The answer to that question should focus on abilities and capabilities related to my specific situation. Abilities are qualities of people, such as experience, kind and level of expertise, and personal characteristics. Capabilities are qualities of things, such as your firm or proprietary intellectual capital like methodologies, databases, or models. In a great many proposals, abilities are discussed in résumés (often attached in an appendix) and in staffing sections or subsections that often include brief biographies as well as the roles and responsibilities of those who will play a part in the project. These abilities are certainly part of the qualifications slot, even though they might not be in a section called “Qualifications.”

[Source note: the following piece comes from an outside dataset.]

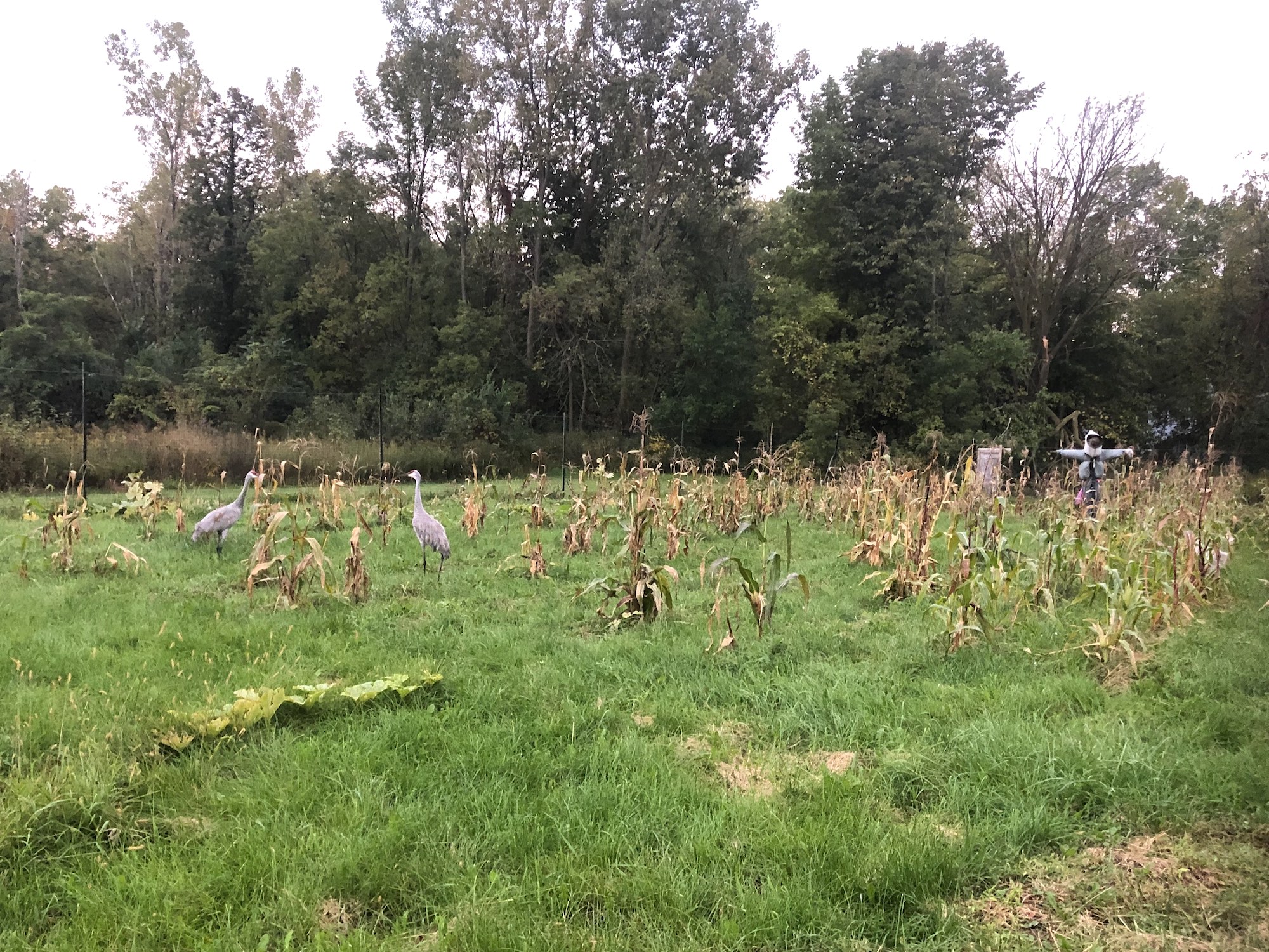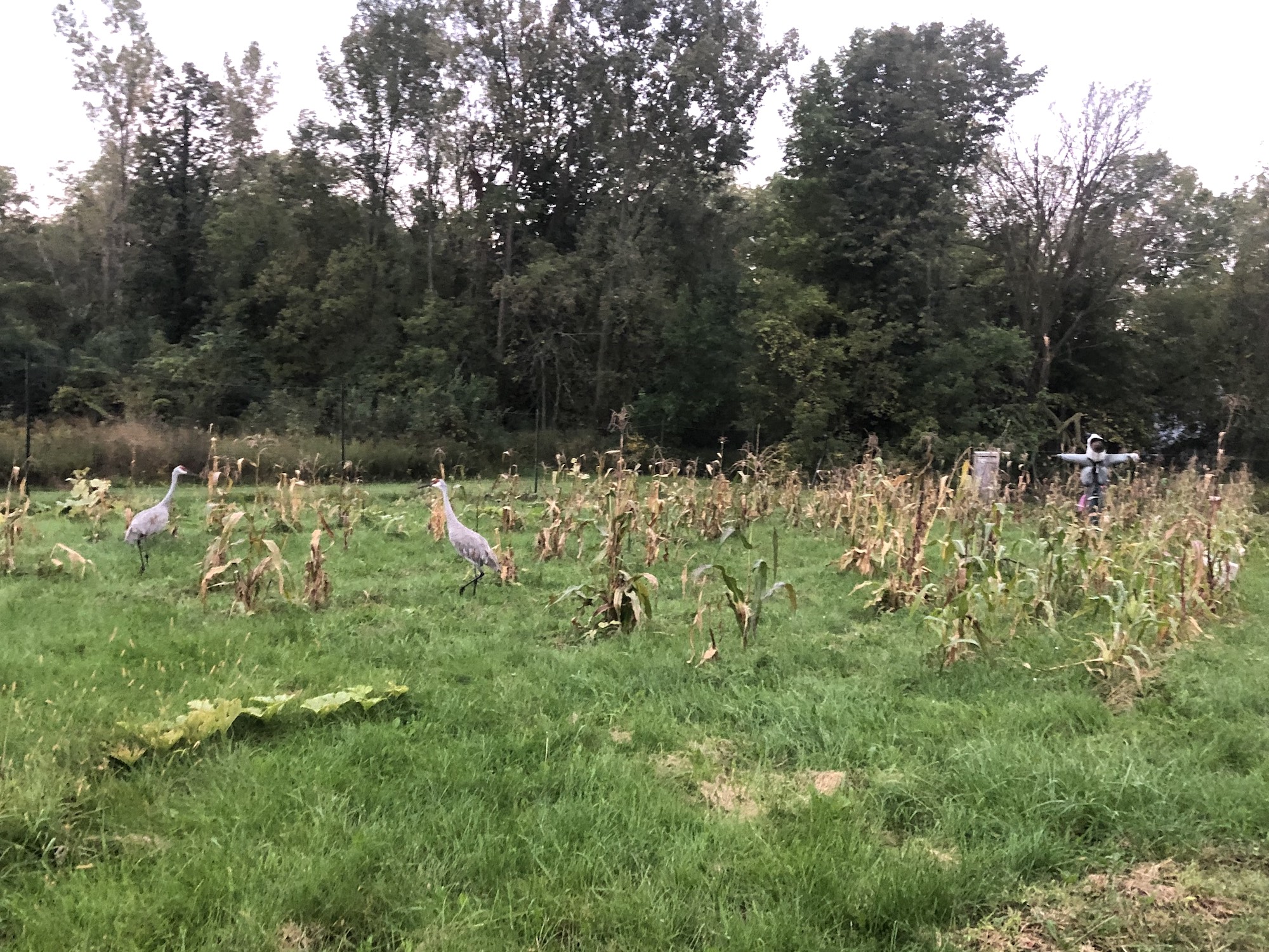 Above: Sandhill Cranes in Three Sisters Garden on October 1, 2019 (72°).

If you are a consultant, you have electronic files filled with descriptions of abilities and capabilities: résumés of your professional staff; a record of the studies your firm has done in various industries, in achieving various objectives; a history of the firm itself and how it has grown and developed; and prepackaged statements about the firm’s commitment to quality, effective implementation, and so on. All that boilerplate is important. And everyone else, including each of your competitors, has it too.

So you and they keep using it, especially in qualifications sections. I’ve read proposals that didn’t once mention my organization’s name in the qualifications section because that section contained nothing but generic fluff lifted whole cloth from an electronic file. I’ve read other proposals that did contain the name of a firm, but not my own, because the section was lifted whole cloth from another proposal. And I’ve even read one document—you won’t believe this!—that contained place holders for where my organization’s name should have gone, for example: <insert client’s name>. Computers are wonderful things, but they’re not a remedy for laziness or carelessness or a substitute for logical thinking about why you are, in fact, the best firm to meet my needs.

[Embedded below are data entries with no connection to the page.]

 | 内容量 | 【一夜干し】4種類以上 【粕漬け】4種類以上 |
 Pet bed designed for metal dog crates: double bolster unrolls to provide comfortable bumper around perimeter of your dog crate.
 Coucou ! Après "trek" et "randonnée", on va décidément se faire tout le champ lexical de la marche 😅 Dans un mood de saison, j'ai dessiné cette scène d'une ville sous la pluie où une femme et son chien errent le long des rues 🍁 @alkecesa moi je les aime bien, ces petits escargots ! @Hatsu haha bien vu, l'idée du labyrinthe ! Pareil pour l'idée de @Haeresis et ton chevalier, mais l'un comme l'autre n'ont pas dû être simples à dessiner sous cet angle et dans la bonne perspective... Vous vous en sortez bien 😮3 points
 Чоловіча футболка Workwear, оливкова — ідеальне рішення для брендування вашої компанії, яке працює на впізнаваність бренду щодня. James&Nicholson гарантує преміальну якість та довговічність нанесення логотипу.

Persuasion occurs at the intersection of your abilities and your firm’s capabilities with my needs. By that definition, a qualifications section that focuses only on abilities and capabilities isn’t persuasive, or at least not as persuasive as it could be. It must focus on those abilities and capabilities as they relate to my needs.

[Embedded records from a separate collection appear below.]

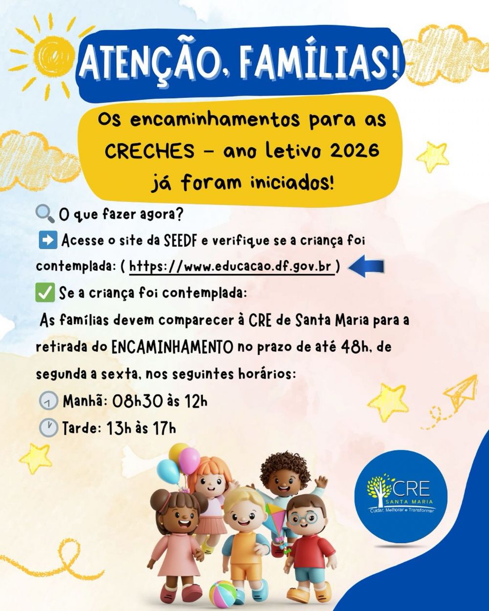 Encaminhamentos para creches da Regional de Ensino de Santa Maria são iniciados para o ano letivo de 2026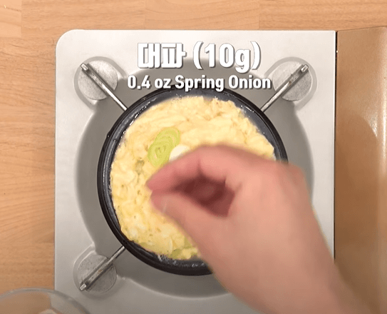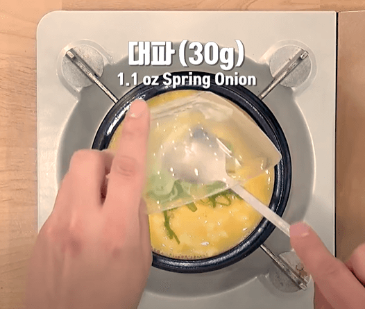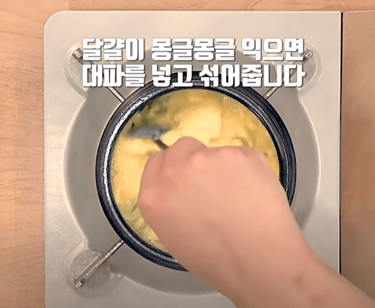 대파 30g을 달걀이 몽글몽글 익으면 넣어 줍니다.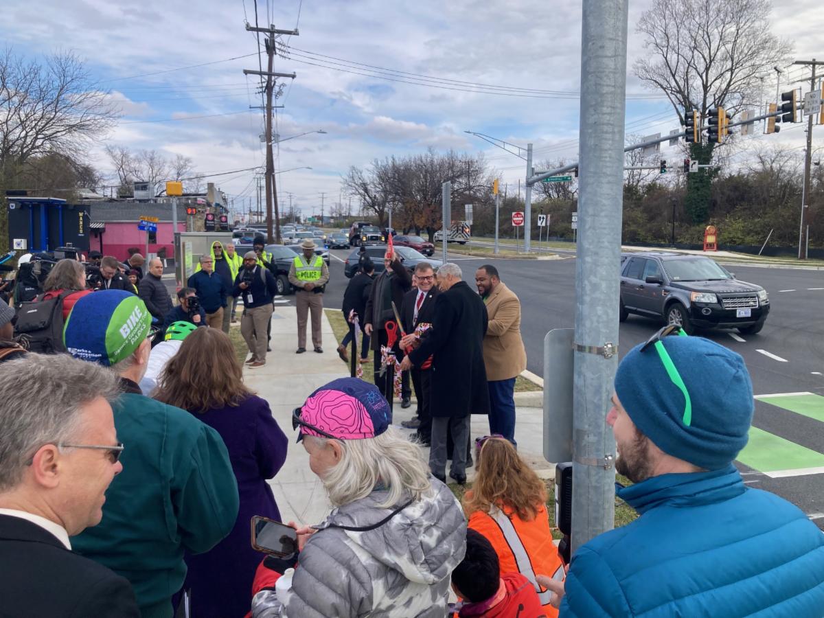 That rendering just above was from 2016, when WABA's Prince George's Action Committee first launched our campaign to fully connect the Hyattsville trolley trail with the Anacostia River Trails via a sidepath alongside Route 1. I don't recall the exact date, but I know it preceded our trail walk with then-Senator Paul Pinsky, which was in August 2016. So it has been at least 7 years from the start of that campaign to the ribbon cutting.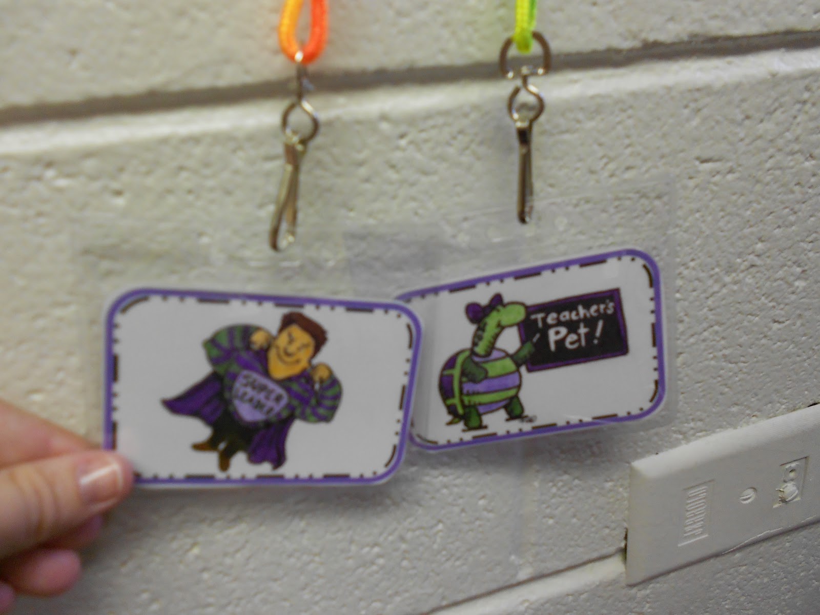 In staying with my purple theme, I also found these cool paws. I tried a lot of jobs last year which was way too much trouble, so at the end of the year- I finally came up with two jobs that my students really loved. I have a Super Line-Up Leader who is in charge of leading the line and picking the line-up song. I also have a Teacher's Pet who holds the door, passes out soap at lunch, takes the lunch count, and is actually the Teacher's Pet all day long. They get to do everything! I just have the boys' names on one ring, and the girls' names on the other. I switch them once everyone has had a turn. It is so EASY! This year, I also added the necklaces that are shown below. They love wearing their own tags each day, and honestly, they are even keeping them really clean. They hang them back on the wall before going outside. They are very responsible with them!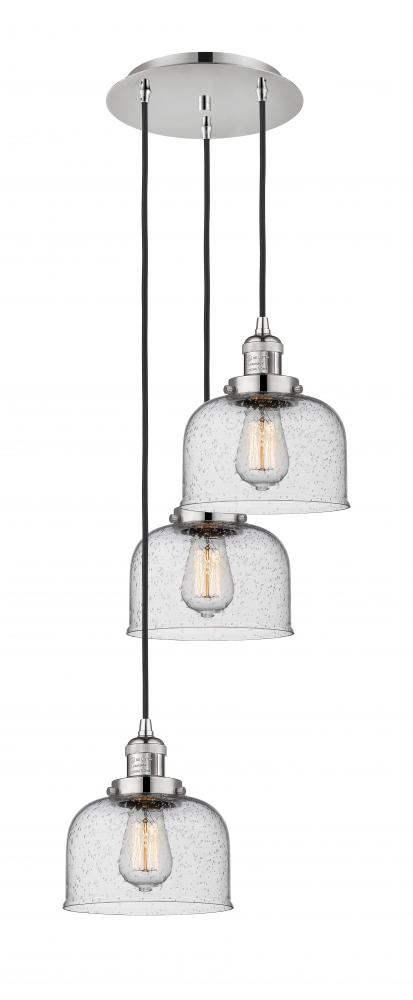 Cone - 3 Light - 14 inch - Polished Nickel - Seedy Shade - Cord hung - Multi Pendant

Many qualifications sections don’t address those needs because they are written by someone who doesn’t know them, much less understand them. Consider, for example, a typical situation that occurs at some large consulting firms. The firm has four people working on a particular proposal, and they represent four levels in the firm’s professional ranks. Though the terms differ from firm to firm, let’s call them partner, principal, manager, and consultant.

Although the partner is the only one who has met with the potential client, she will write little, if any, of the proposal. She will, however, review it, though her review will focus primarily on staffing and costs, since she may get the proposal only 15 minutes before it has to go out the door. The principal will manage the proposal-writing effort, composing some of the document’s parts and assigning others to the manager. Partner, principal, and manager will have discussed the situation at the prospect’s firm and the strategy for preparing the document. The consultant rarely, if ever, writes proposals because he spends almost all his time doing research on the projects themselves; he is not involved in selling work. He has neither met with the potential client nor been apprised of the situation or the study’s objectives or possible methodology. Can you guess who is assigned to write the qualifications section?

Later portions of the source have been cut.